They never got to say goodbye.
The wind carried his words away so quickly that I almost missed it. His tears were so deep and wrenching that his little body shook as I held him, standing in the parking lot as the dark clouds roiled overhead like the storm we were trapped inside. Caught between his need and hers, my son wound his arms around my neck while my daughter pulled at me from below.
When my husband died, familiar rituals lingered painfully before we laid them to rest with him. From the moment that the kids were old enough to listen, we gathered in the living room and read one last book before bed. Together we escaped to places where zofts slept aloft and wild things gnashed their teeth. We explored with Olivia, got fancy with Nancy and ate Alphabet Soup. We danced in the moonlight and imagined all of the places we would go.
That night, we gathered as we always did. Arguing over who got to pick the book, they looked at me strangely as I heard my voice come from far away.
We aren’t reading a book tonight. Mommy needs to tell you something.
After that, bedtime became angry and rushed and the books lay untouched in disheveled piles. When we tried to regain our bedtime ritual, we fidgeted where we once were content and familiar passages were skipped over. In the dead of night they would crawl into my bed and like Maurice Sendak’s wild things we would find sleep in a pile of arms, legs, pillows and stuffed animals. But we would not read the book that had once come to life in our living room – a pack of gnashing, rolling, wiggling, roaring and laughing wild things of our very own creation.
We catalog our memories. We hang on to every first and burn favorites onto the hard drive that is our memory. But it is the last ones that are seared the deepest – those final traces of a life that will never be re-lived. Last words replay over and over.
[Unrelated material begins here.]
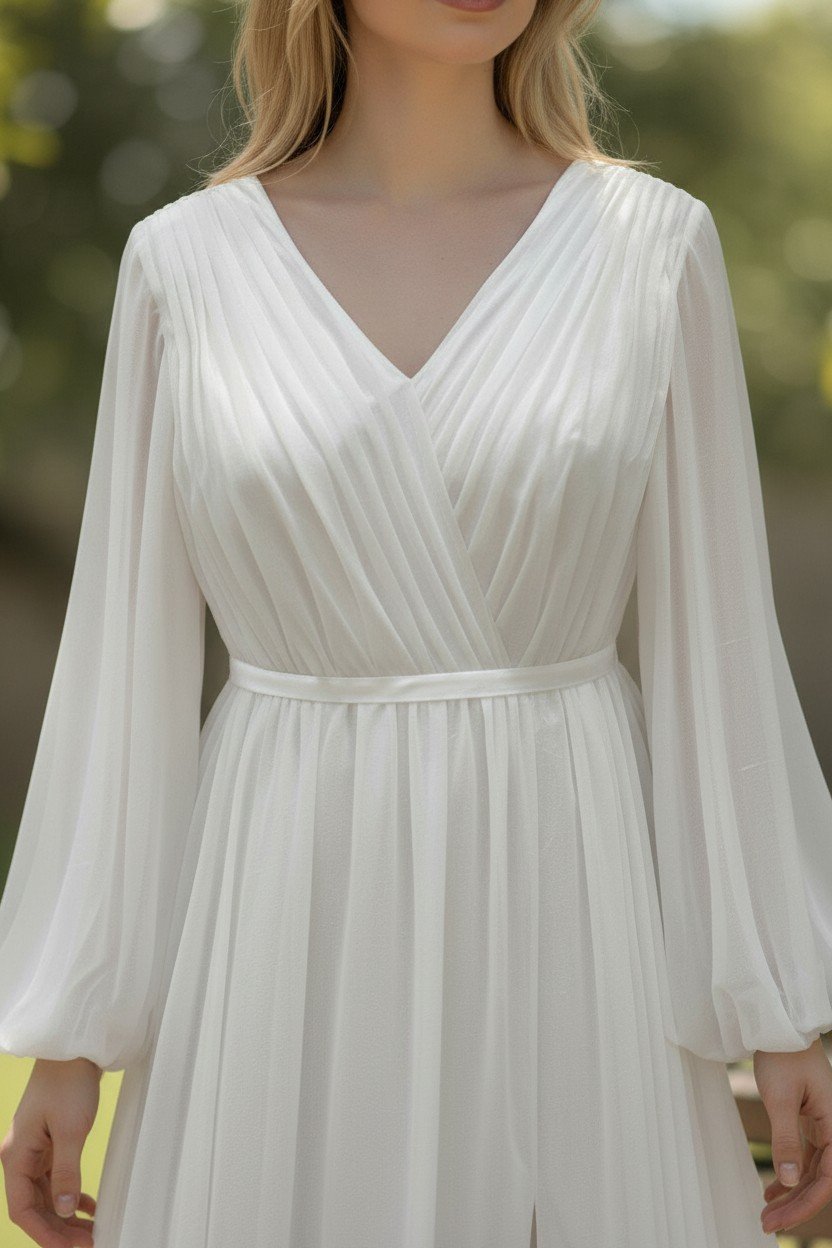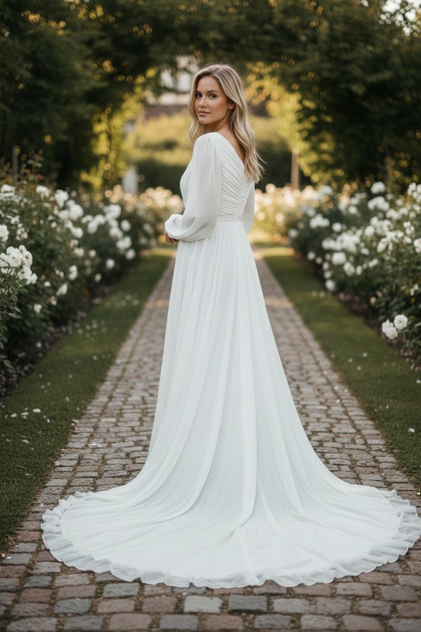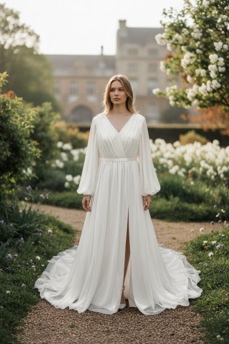 A simple & minimalist says it all for this dress. A soft & flowy gathered chiffon skirt with a front split flowing in to a chapel train. The bodice features ruching & V neckline with long puffy sleeves. Zip back closure.

I love you. I love you, too.
Watching the wild things come to life on screen, I saw a little boy’s pain come rushing out. A father no longer there, a mother struggling to rise above her own pain, and a child’s anger at the unfairness of it all – an endless imagination offered escape. And suddenly the dam that had stood strong for so long burst, a torrent of pain rushing out and sweeping us away as the rain fell on tear-stained cheeks.
I never got to say goodbye, Mom.
1 comment:
You need to get published. So many people will root for you, cry, laugh. Be pissed and dance around in the rain with this thing called life. Your story represents all of the uncertainty, pain, guilt, hope, fleeting glorious moments of joy we ALL feel...your blog helps us live for the moment. That's all we have really. Get published.